- Information provided
------------------------------------

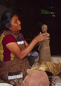 The Aguilar family are clay-making artisans from Ocotlán de Morelos, a rural town in the state of Oaxaca, Mexico. The town's clay production included only utilitarian items until Isaura Alcántara Díaz and her husband, Jesús Aguilar Revilla, expanded their wares into decorative figures and religious items.[1] The couple passed their craft down to their daughters Guillermina, Josefina, Irene, and Concepción, who have continued to innovate their own styles and techniques around subject matters related to the life and traditions in Oaxaca as well as iconic Mexican figures. The family craft and artistic recognition lives on through the children and grandchildren of these four women.
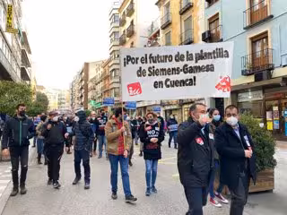 La manifestación en Cuenca contra la deslocalización de las plantas eólicas de Somozas (A Coruña) y Cuenca por parte de la multinacional Siemens-Gamesa ha congregado a centenares de personas este viernes con el objetivo de "agotar todas las vías" y hacer recapacitar a la empresa, para evitar el despido de 266 operarios, de los cuales 215 pertenecen a la planta de Ferrolterra y los 51 restantes a las instalaciones de Castilla-La Mancha.
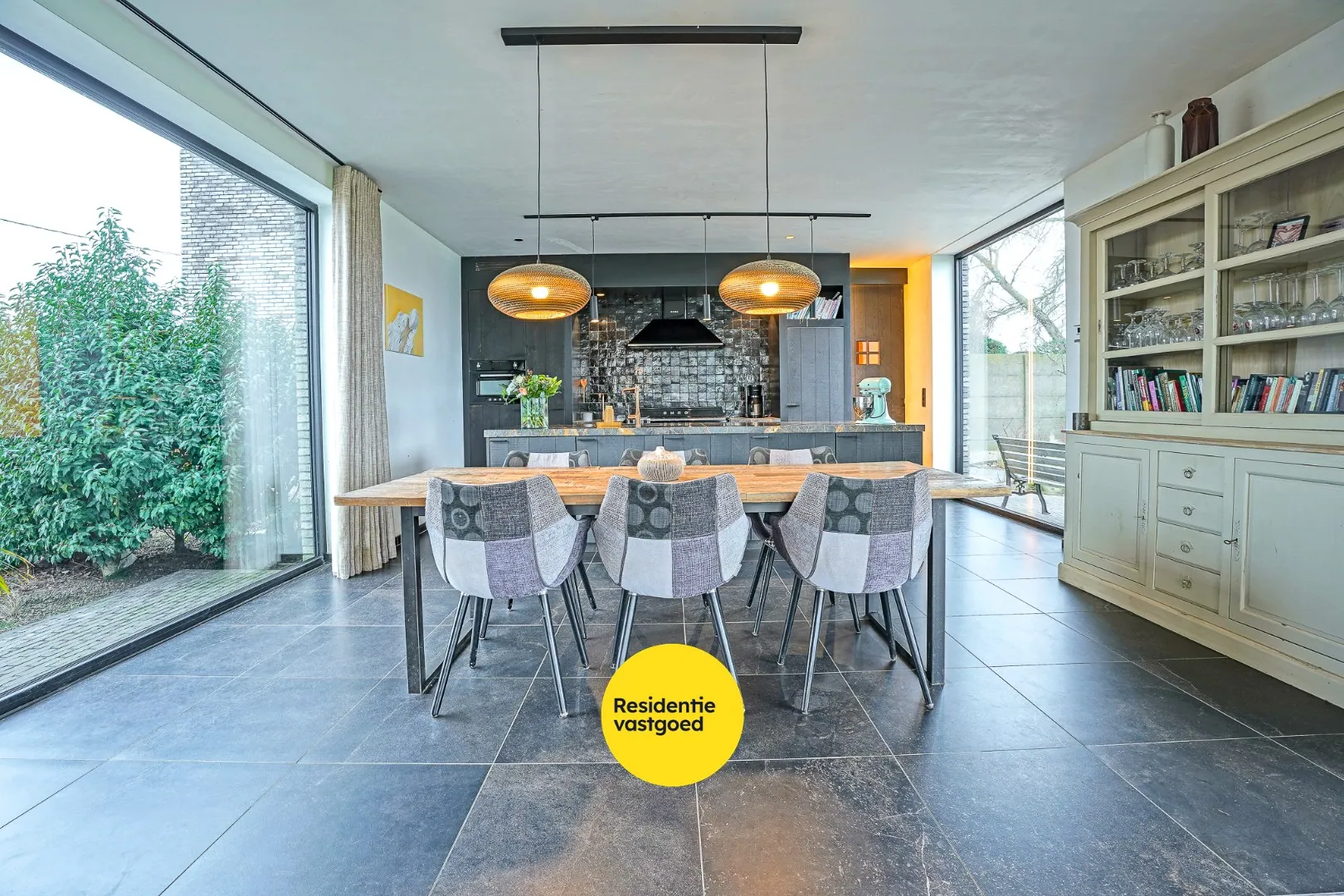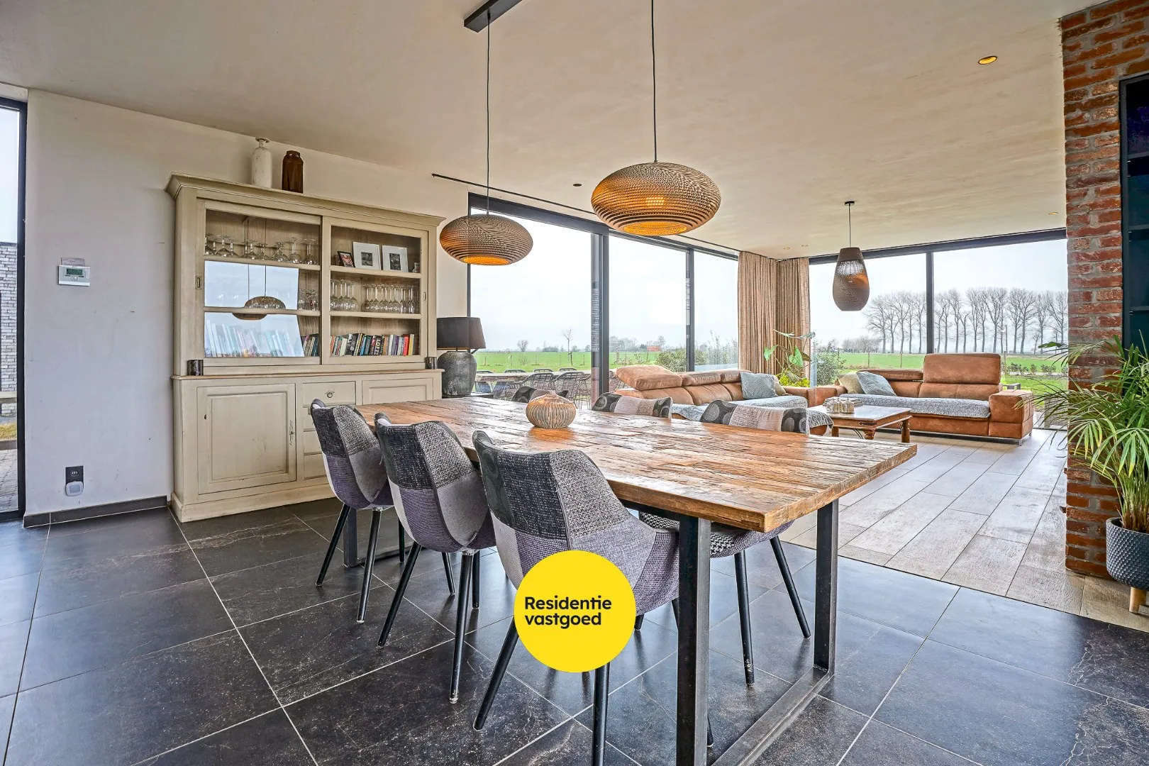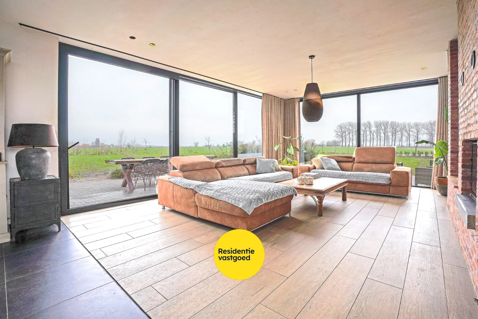KIJKDAG ZATERDAG 21/02 VAN 10U TOT 12U! (graag vooraf inschrijven) Recente, energiezuinige woning met prachtige vergezichten op een perceel van maar liefst 2.027 m², gelegen langs de IJzer in het groen en vlakbij het centrum van Diksmuide. Bij het betreden van de woning kom je terecht in een aangename inkomhal met apart gastentoilet en vestiaire. De luxueus afgewerkte open keuken is uitgerust met alle hedendaagse comfort en sluit naadloos aan op de lichtrijke leefruimte. Dankzij de grote raampartijen geniet je hier van prachtige, open zichten die het buitengevoel moeiteloos naar binnen brengen. De praktische garage combineert een berg- en wasruimte en beschikt over aansluitingen voor wasmachine en droogkast. Op de eerste verdieping bevindt zich de master bedroom met eigen dressing en en-suite badkamer. Daarnaast zijn er nog twee volwaardige slaapkamers, een tweede badkamer en een apart toilet. De tweede verdieping biedt plaats aan twee ruime kamers die perfect kunnen ingericht worden als extra slaapkamers, bureau of hobbyruimte.

------------------------------------

- Task brief
Copy the listing above verbatim, leaving out pictures.

- Worked solution
 The Aguilar family are clay-making artisans from Ocotlán de Morelos, a rural town in the state of Oaxaca, Mexico. The town's clay production included only utilitarian items until Isaura Alcántara Díaz and her husband, Jesús Aguilar Revilla, expanded their wares into decorative figures and religious items.[1] The couple passed their craft down to their daughters Guillermina, Josefina, Irene, and Concepción, who have continued to innovate their own styles and techniques around subject matters related to the life and traditions in Oaxaca as well as iconic Mexican figures. The family craft and artistic recognition lives on through the children and grandchildren of these four women.
 La manifestación en Cuenca contra la deslocalización de las plantas eólicas de Somozas (A Coruña) y Cuenca por parte de la multinacional Siemens-Gamesa ha congregado a centenares de personas este viernes con el objetivo de "agotar todas las vías" y hacer recapacitar a la empresa, para evitar el despido de 266 operarios, de los cuales 215 pertenecen a la planta de Ferrolterra y los 51 restantes a las instalaciones de Castilla-La Mancha.
KIJKDAG ZATERDAG 21/02 VAN 10U TOT 12U! (graag vooraf inschrijven) Recente, energiezuinige woning met prachtige vergezichten op een perceel van maar liefst 2.027 m², gelegen langs de IJzer in het groen en vlakbij het centrum van Diksmuide. Bij het betreden van de woning kom je terecht in een aangename inkomhal met apart gastentoilet en vestiaire. De luxueus afgewerkte open keuken is uitgerust met alle hedendaagse comfort en sluit naadloos aan op de lichtrijke leefruimte. Dankzij de grote raampartijen geniet je hier van prachtige, open zichten die het buitengevoel moeiteloos naar binnen brengen. De praktische garage combineert een berg- en wasruimte en beschikt over aansluitingen voor wasmachine en droogkast. Op de eerste verdieping bevindt zich de master bedroom met eigen dressing en en-suite badkamer. Daarnaast zijn er nog twee volwaardige slaapkamers, een tweede badkamer en een apart toilet. De tweede verdieping biedt plaats aan twee ruime kamers die perfect kunnen ingericht worden als extra slaapkamers, bureau of hobbyruimte.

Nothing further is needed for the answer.